Read his latest, here:



Our individual right to keep and bear arms, as guaranteed by the Bill of Rights, may finally be confirmed by the high Court; but this means that we’re going to see increasing pressure on the Supreme Court from anti-gun rights activists who want the Constitution reinterpreted to fit their prejudices. The New York Times has already fired the first broadside.

A few days ago, the Gray Lady published a fascinating account of the case — fascinating but fundamentally flawed. In it, the central argument about the Second Amendment is pretty accurately described. Specifically, it is between those who see it as an individual right versus those who see it as a collective states’ right having more to do with the National Guard than the people.
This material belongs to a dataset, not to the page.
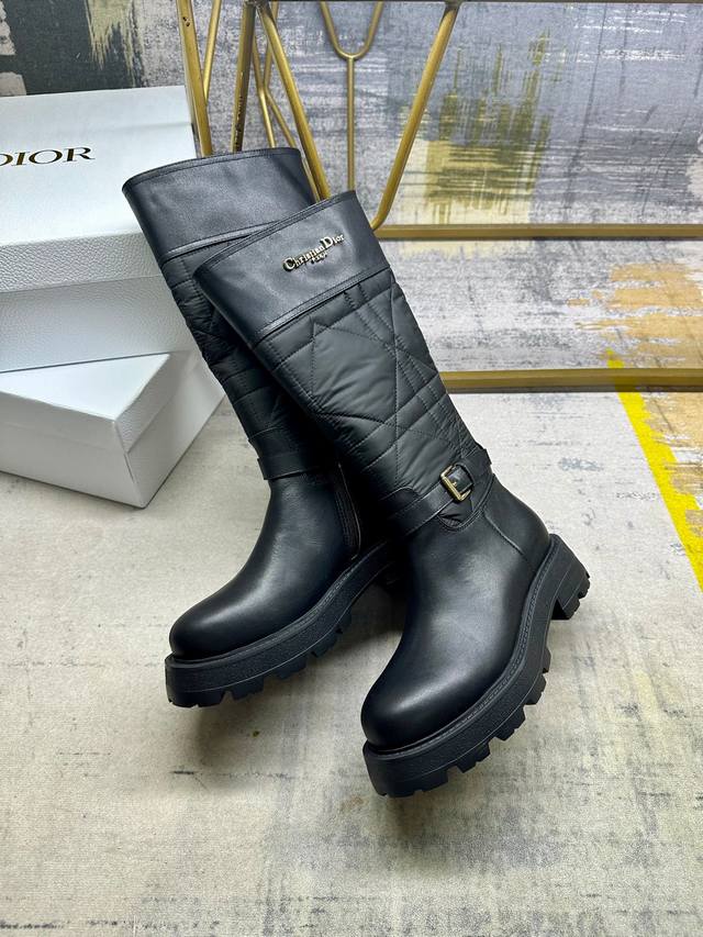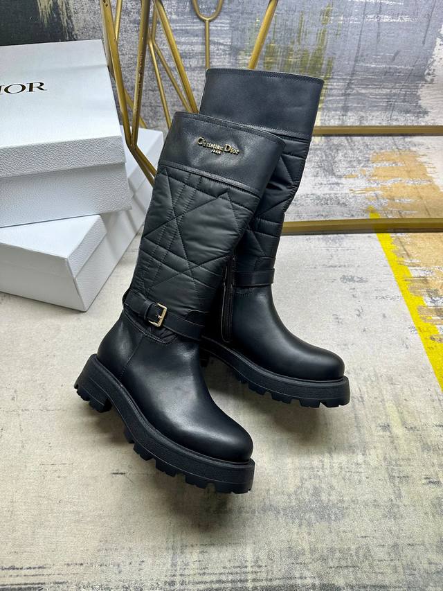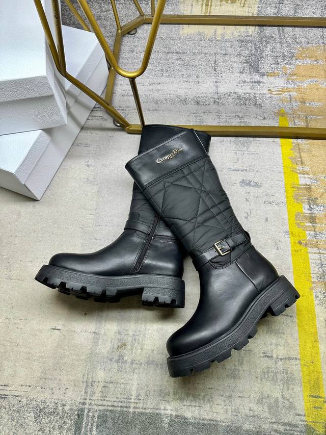 d-Town靴子,黑色牛皮和尼龙组合鞋面,尼龙饰以藤格纹辑面线,侧面装饰性饰带点缀以金色饰面金属Logo标志和搭配搭扣可调节系带提升格调,突显脚踝线条。羊皮内里

Unfortunately, the article falsely portrays the individual-right argument as some new interpretation held only by a few fringe theorists. The truth is very different, as civil-rights attorney and gun-law expert Don Kates has pointed out recently.

From the enactment of the Bill of Rights in 1791 until the 20th century, no one seriously argued that the Second Amendment dealt with anything but an individual right — along with all other nine original amendments. Kates writes that not one court or commentator denied it was a right of individual gun owners until the last century. Judges and commentators in the 18th and 19th century routinely described the Second Amendment as a right of individuals. And they expressly compared it to the other rights such as speech, religion, and jury trial.



Read it all, it is worth it.
Or listen to it here.

Run, Fred, Run.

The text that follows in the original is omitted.